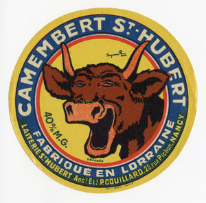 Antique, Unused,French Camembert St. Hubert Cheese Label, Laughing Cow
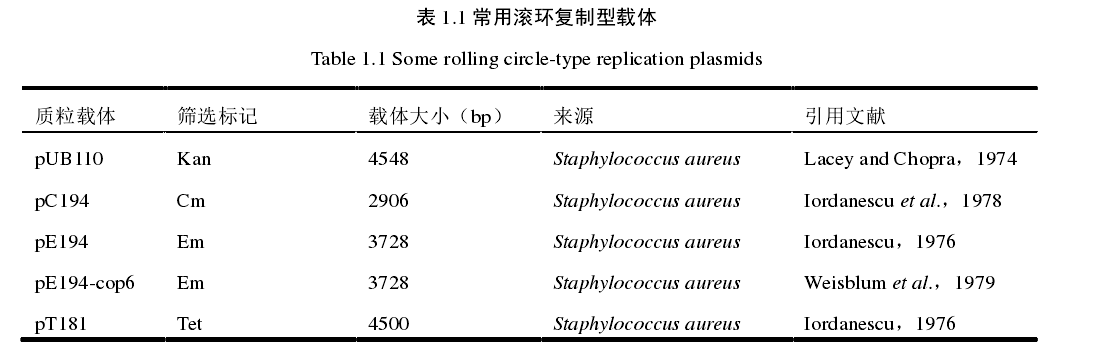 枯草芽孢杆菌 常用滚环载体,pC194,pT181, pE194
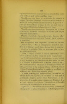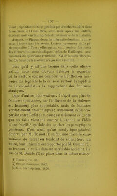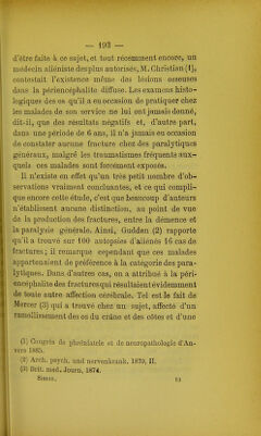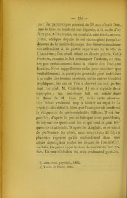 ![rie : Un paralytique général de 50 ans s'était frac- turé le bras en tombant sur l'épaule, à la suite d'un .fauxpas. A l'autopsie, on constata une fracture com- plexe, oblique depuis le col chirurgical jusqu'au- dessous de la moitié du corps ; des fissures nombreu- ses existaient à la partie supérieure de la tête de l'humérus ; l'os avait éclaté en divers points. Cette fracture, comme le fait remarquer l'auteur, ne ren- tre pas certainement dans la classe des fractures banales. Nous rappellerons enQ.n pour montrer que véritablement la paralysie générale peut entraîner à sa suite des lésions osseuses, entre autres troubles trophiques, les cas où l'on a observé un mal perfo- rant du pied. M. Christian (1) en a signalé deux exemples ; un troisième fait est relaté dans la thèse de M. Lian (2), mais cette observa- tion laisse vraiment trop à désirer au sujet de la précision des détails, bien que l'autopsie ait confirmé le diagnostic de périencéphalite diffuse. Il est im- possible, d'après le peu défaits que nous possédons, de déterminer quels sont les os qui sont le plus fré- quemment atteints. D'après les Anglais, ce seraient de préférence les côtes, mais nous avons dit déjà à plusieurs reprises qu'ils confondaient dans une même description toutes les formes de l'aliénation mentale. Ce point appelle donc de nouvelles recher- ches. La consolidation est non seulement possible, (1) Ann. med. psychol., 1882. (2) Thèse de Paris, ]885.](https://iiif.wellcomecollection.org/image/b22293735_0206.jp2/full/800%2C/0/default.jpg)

- - - -

**ACTIVITY:** Copy the material above word for word, images excluded.

**RESULT OF THIS TASK:**
 Antique, Unused,French Camembert St. Hubert Cheese Label, Laughing Cow
 枯草芽孢杆菌 常用滚环载体,pC194,pT181, pE194
 ![rie : Un paralytique général de 50 ans s'était frac- turé le bras en tombant sur l'épaule, à la suite d'un .fauxpas. A l'autopsie, on constata une fracture com- plexe, oblique depuis le col chirurgical jusqu'au- dessous de la moitié du corps ; des fissures nombreu- ses existaient à la partie supérieure de la tête de l'humérus ; l'os avait éclaté en divers points. Cette fracture, comme le fait remarquer l'auteur, ne ren- tre pas certainement dans la classe des fractures banales. Nous rappellerons enQ.n pour montrer que véritablement la paralysie générale peut entraîner à sa suite des lésions osseuses, entre autres troubles trophiques, les cas où l'on a observé un mal perfo- rant du pied. M. Christian (1) en a signalé deux exemples ; un troisième fait est relaté dans la thèse de M. Lian (2), mais cette observa- tion laisse vraiment trop à désirer au sujet de la précision des détails, bien que l'autopsie ait confirmé le diagnostic de périencéphalite diffuse. Il est im- possible, d'après le peu défaits que nous possédons, de déterminer quels sont les os qui sont le plus fré- quemment atteints. D'après les Anglais, ce seraient de préférence les côtes, mais nous avons dit déjà à plusieurs reprises qu'ils confondaient dans une même description toutes les formes de l'aliénation mentale. Ce point appelle donc de nouvelles recher- ches. La consolidation est non seulement possible, (1) Ann. med. psychol., 1882. (2) Thèse de Paris, ]885.](https://iiif.wellcomecollection.org/image/b22293735_0206.jp2/full/800%2C/0/default.jpg)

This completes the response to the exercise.